Currently, sometime between 12:30am and 1:30am pacific time each night, bmo locks uip. After a while, connections die with 'too many connection errors', then apache stops responding. Eventually (20-40 minutes later), everything works as normal. The backups are apparently being done with the equivalent of: nice mysqldump bugs | nice gzip -9c > backups.gz There are several problems with this: - There aren't any explicit locks being taken, so this could lead to inconsistent backups. We can't totally fix this, since we don't have transactions, but we could do better. - since mysqdump has to grab a read lock, noone can write to the db (including to login). I suspect that the |nice| lowers the priority, prefering people who are trying to login, and wait for the writing. Thats just a guess, though, but you could probably confirm this with some processlist output while the backup is in progress. The minimal solution is to use mysqldump --opt, but its probably better to use mysqlhotcopy instead. This would lock the entire db for as long as it takes to copy all the tables somewhere else - see the man page for more details. On IRC, myk said that that would only be a coupole of moinutes, which is probably sensible.

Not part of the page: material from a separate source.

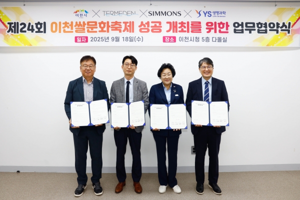 [금요저널] 이천쌀문화축제추진위원회는 9월 18일 테르메덴, 시몬스, YS생명과학과 업무협약을 체결했다고 밝혔다.

ping? The backups regularly lock up bugzilla at arround 1am Pacific, for 20 minutes or so, when everyone keeps waiting on the write locks for various things. I don't know how long mysqlhotcopy will take, but it can't be any slower, and should be much faster. If you're paranoid^Wcautious, you could do a dump once a week, rather than daily, or something.
I've got this command running nightly on buttmonkey now: cd /var/lib/mysql; mv bugs-bak.tar.gz bugs-bak-old.tar.gz; mysqlhotcopy bugs && tar --create --to-stdout --remove-files bugs_copy | gzip - > bugs-bak.tar.gz && rm -rf bugs_copy Ping me in a week, and if all is well I'll remove the existing backup code and rely on this one instead (possibly moving this one to b.m.o in the process).
OK. I'm not sure how much the tar/gzip will give you, though, since you have binary data. You may want to leave off the rm -rf at the end at one point, just to see if its worth it.
The DB is 3.2GB at the moment and 1.6GB compressed, so compression seems to be useful. The trailing "rm -rf" is a puzzler; shouldn't "--remove-files" cause tar to remove bugs_copy after archiving it? Or does it only remove the files and not the directory?
My docs don't have a --removefiles option, so I don't know what it does... You probably want to do a 'real' backup weekly, though, just for sanity's sake.
Hmm, mothra doesn't have a remove-files option either, so I guess it's irrelevant. The man page on buttmonkey says it removes files but doesn't mention directories. What's a "real" backup?
mysqldump is what I meant by a 'real' backup. Maybe I'm just paranoid. OTOH, theres replicated backups on a separate machine now, and the chances of that machine, an dboth of bmo's disks dying is probably fairly low, and for that to happen and the backups to die somehow... I'm just thinking back to that corrupted index problem we had a while back, plus a feeling of paranoia. How long does the mysqlhotcopy take compared to the dump, btw?
We fixed the corrupted indexes problems by dumping the data and reimporting it. Doing a mysqldump now doesn't give us anything that a hotcopy does, since we can always dump/reimport the hotcopy later. hotcopy takes about 5 minutes on mothra; dump takes somewhere around an hour.
Is this still an issue? Can't shadow be backed up now it's reliable?
Now that we're using real replication rather than the shadowdb stuff, a backup of the replication would be fine. I haven't noticed this lockup for a while. Whether thats due to lower load, or a faster machine/disks/etc, I'm not sure.
We've been doing this for the last three months. I've been getting cronmail with the results of "mysqlhotcopy --allowold --keepold bugs /data/backups" on megalon (the replicant server) every night since then.